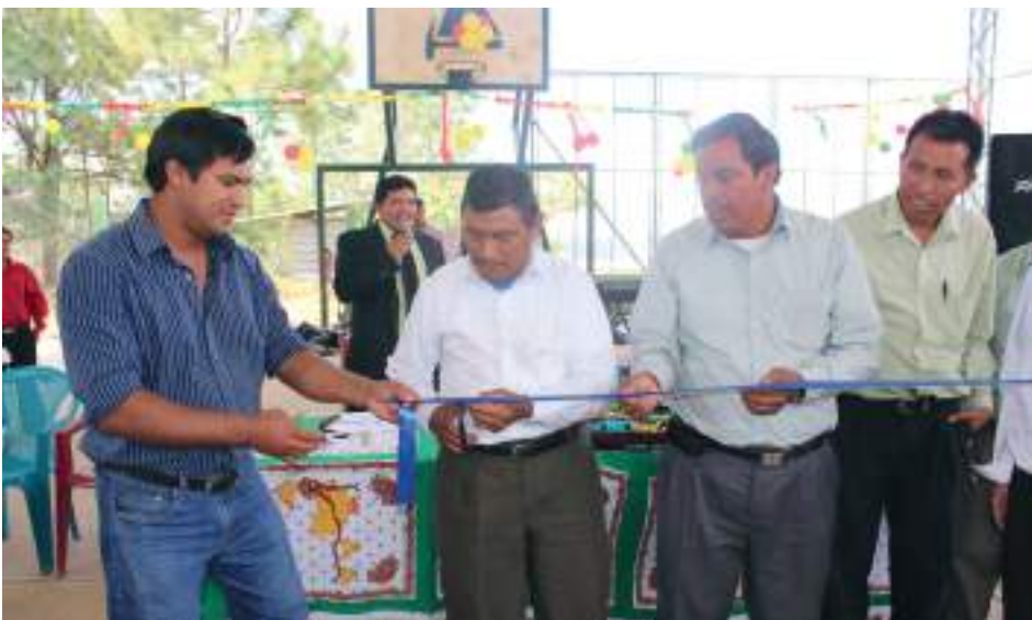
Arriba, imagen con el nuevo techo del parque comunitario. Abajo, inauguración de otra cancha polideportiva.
...
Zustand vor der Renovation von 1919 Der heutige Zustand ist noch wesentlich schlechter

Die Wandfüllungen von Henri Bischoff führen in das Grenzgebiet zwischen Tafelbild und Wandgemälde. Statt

■ **Task to complete**: What are the lines, exactly as written above, from the line with "Zustand vor der" to the line with "Die Wandfüllungen von", both included? Output only those.

■ **Output**:
Zustand vor der Renovation von 1919 Der heutige Zustand ist noch wesentlich schlechter

Die Wandfüllungen von Henri Bischoff führen in das Grenzgebiet zwischen Tafelbild und Wandgemälde. Statt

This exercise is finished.